The reason that the Single Sign On system (forums, blogs, sitebuilder) didn't carry a warning or have a single password change system is because it's actually seperate to the insite passwords.
25 Jan 2006, 15:00
Chris May
There's no automated password recovery system built into web-sign-on (blogs/forums/insite/etc) because they just delegate to NDS (Novel Directory Services) to do the authentication, and NDS (at least, as implemented here) doesn't have such a feature. I can't comment on whether NDS could have this feature, as I'm not involved in it.
As it happens, we're mulling over whether to build an alternate password infrastructure into websignon to cope with this kind of eventuality, but we don't have any firm plans as yet.
Passwords aren't stored in plaintext in NDS, or websignon (Those are the only two authentication DBs here that I know anything about); as far as I know they aren't stored in plain-text anywhere. If they were, it would be every bit as indefensible as you describe. I'm not sure if it's appropriate for me to describe how they were acquired, but I feel like I ought to at least correct your assertion.
25 Jan 2006, 15:10
I hadn't heard about this plain-text storage of passwords, I shall endeavour to find out if it is true or not.
Mathew: The single sign on system is not seperate from in-site, which is why it now carries a notice, as it should have done immeadiatly after the incident, that you should login through insite first. The lack of communication between ITS and students is something that definately needs to be worked on, in both directions.

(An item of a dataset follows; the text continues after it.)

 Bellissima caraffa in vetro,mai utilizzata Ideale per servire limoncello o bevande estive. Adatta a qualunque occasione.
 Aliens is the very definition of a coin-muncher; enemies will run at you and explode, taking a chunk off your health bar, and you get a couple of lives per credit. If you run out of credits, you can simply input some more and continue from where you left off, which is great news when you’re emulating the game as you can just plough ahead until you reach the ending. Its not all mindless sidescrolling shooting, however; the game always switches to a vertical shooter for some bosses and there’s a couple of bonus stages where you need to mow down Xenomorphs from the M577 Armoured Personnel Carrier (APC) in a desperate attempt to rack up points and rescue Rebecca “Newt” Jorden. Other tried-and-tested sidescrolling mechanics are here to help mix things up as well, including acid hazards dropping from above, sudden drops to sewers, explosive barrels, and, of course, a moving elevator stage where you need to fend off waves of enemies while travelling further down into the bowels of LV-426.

Alex: Systems like that are seperate for a good reason, I believe. If you choose to set all your passwords differently that is up to you and you'd probably find that your left hand wouldn't know what the right were doing if you had a hundred different hands! ITS simply don't have the resources to cope with integrating the whole of DCS and such like into their own systems (and I can't imagine DCS would like the idea either). Personally I have a feeling ITS arn't given the resources for what they already do, but that's a whole different rant.

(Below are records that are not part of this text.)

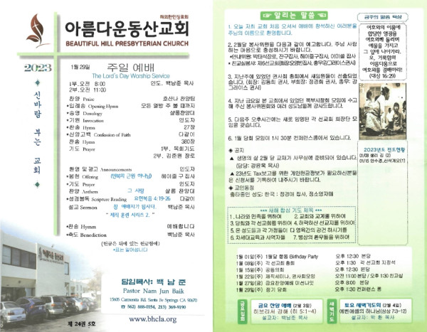 01/29/23 교회 주보 페이지 정보 작성자 아름다운동산교회 댓글 0건 조회 2,345회 작성일 23-01-28 09:08 목록 본문 01/29/23 이전글02/05/23 교회 주보 23.02.04 다음글01-22-23 교회 주보 23.01.21 댓글 0 댓글목록 등록된 댓글이 없습니다. 목록
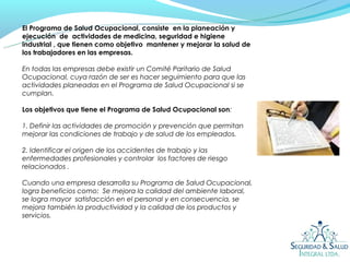 El programa de salud ocupacional tiene como objetivo mantener y mejorar la salud de los trabajadores a través de actividades de medicina, seguridad e higiene industrial. Cada empresa debe tener un comité de salud ocupacional que supervise la implementación del programa. Al desarrollar el programa, las empresas se benefician con una mejor calidad del ambiente laboral y mayor productividad.
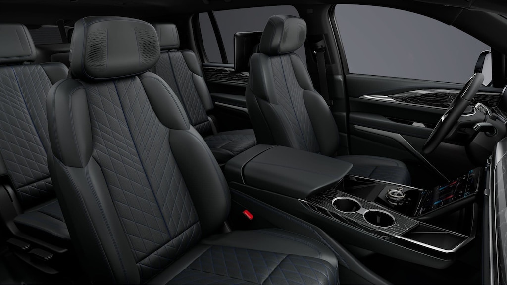 3 Years SiriusXM, 3rd row seats: split-bench, 4-Way Power Driver Lumbar Seat Adjuster, 4-Wheel Disc Brakes, 8-Way Power Driver Seat Adjuster, 8-Way Power Front Passenger Seat Adjuster, ABS brakes, Adaptive suspension, Air Conditioning, Alloy wheels, AM/FM radio: SiriusXM with 360L, Audio memory, Auto High-beam Headlights, Auto-dimming door mirrors, Auto-dimming Rear-View mirror, Auto-leveling suspension, Automatic temperature control, Brake assist, Bumpers: body-color, Compass, Delay-off headlights, Driver door bin, Driver vanity mirror, Dual front impact airbags, Dual front side impact airbags, Electronic Stability Control, Emergency communication system: OnStar and Cadillac connected services capable, Four wheel independent suspension, Front anti-roll bar, Front Bucket Seats, Front Center Armrest, Front dual zone A/C, Front License Plate Bracket, Front reading lights, Fully automatic headlights, Garage door transmitter, Google Built-In, Heads-Up Display, Heated door mirrors, Heated Driver & Front Passenger Seats, Heated front seats, Heated rear seats, Heated steering wheel, HVAC memory, Illuminated entry, Knee airbag, Leather steering wheel, Low tire pressure warning, Magnetic Ride Control Suspension, Memory seat, Navigation system: Google Automotive Services Capable, Occupant sensing airbag, Outside temperature display, Overhead airbag, Overhead console, Panic alarm, Passenger door bin, Passenger vanity mirror, Power door mirrors, Power driver seat, Power Liftgate, Power passenger seat, Power steering, Power windows, Radio data system, Radio: Infotainment Experience, Rain sensing wipers, Rear air conditioning, Rear anti-roll bar, Rear dual zone A/C, Rear reading lights, Rear Seat Entertainment System, Rear window defroster, Rear window wiper, Reconfigurable Full-Color Head-Up Display, Remote keyless entry, Security system, SiriusXM w/360L Trial Subscription, Speed control, Speed-sensing steering, Split folding rear seat, Spoiler, Steering wheel mounted audio controls, Telescoping steering wheel, Tilt steering wheel, Traction control, Trip computer, Turn signal indicator mirrors, Variably intermittent wipers, Ventilated front seats, and Wheels: 24 7-Spoke Diamond Cut Face Alloy.

Also, I have no intention of trying to defend their handling of the account locking, I did clearly say that in the original post.
25 Jan 2006, 15:24
Mathew Mannion
I can assure you that the SSO system is seperate from insite, and simply uses NDS to do the authentication, which is the same as what insite does, but they are not the same system. If they were, then insite would use SSO. The reason that a message was put on the SSO sign-in page was out of good grace, in that it was obvious that the lookups were using up people's grace logins.
Of course, I defer any actual knowledge to Chris.
25 Jan 2006, 15:49
I stand corrected. I didn't write exactly what I meant though. I didn't mean it in the technical sense as I don't have any knowledge of how the system works.
What I meant to say was that it's the same system from the point of view of a warwick student, i.e you use the same username and password, changing your password on insite changes it on the SSO and logging in to SSO used up the grace logins.
It would certainly help if the same system was used to log into all the web based services (insite, gwmail and smail aswell). At least that way they could put any important information just on that page and everyone(almost) would have to see it.